Is it possible that Joel Barlow’s explorations of atheism may have induced him to interpolate this phrase into the treaty?42 At any rate, Washington never wrote nor signed the disputed words of the Treaty of Tripoli. In stark contrast to this dubious statement from the Treaty of Tripoli, Washington wrote on September 19, 1796, “Of all the dispositions and habits which lead to political prosperity, Religion and morality are indispensable supports. In vain would that man claim the tribute of Patriotism, who should labour to subvert these great Pillars of human happiness, these firmest props of the duties of Men and citizens. The mere Politician, equally with the pious man ought to respect and to cherish them. A volume could not trace all their connections with private and public felicity.”

CONCLUSION

What the objections of this chapter demonstrate is that Washington was not a perfect man. In Christian terms, he was a man who sinned. But the definition of a Christian is not perfection, and being a sinner does not make a man a Deist. If that were the case, then every Christian would be a Deist, since Christianity affirms the universality of sin.

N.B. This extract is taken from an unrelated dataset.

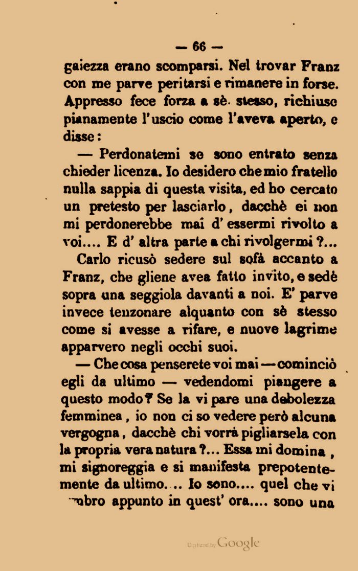 Carlo ricusò sedere sul sofà accanto a Franz, che gliene avea fatto invito, e sedè sopra una seggiola davanti a noi. E* parve invece tenzonare alquanto con sè stesso come si avesse a rifare, e nuove lagrime apparvero negli occhi suoi.

Perhaps a more appropriate definition of a Christian is a person who practices faithful and faith-filled repentance. Washington’s repentance of slavery at the end of his life, his repentant control over the misplaced passions of temptation, and his self-control over his explosive anger are each indicative of a spiritual life. While Washington never wrote, “America is in no way founded upon the Christian religion” in the Treaty with Tripoli, it is clear to us that the Christian religion is what Washington’s spiritual growth was founded upon.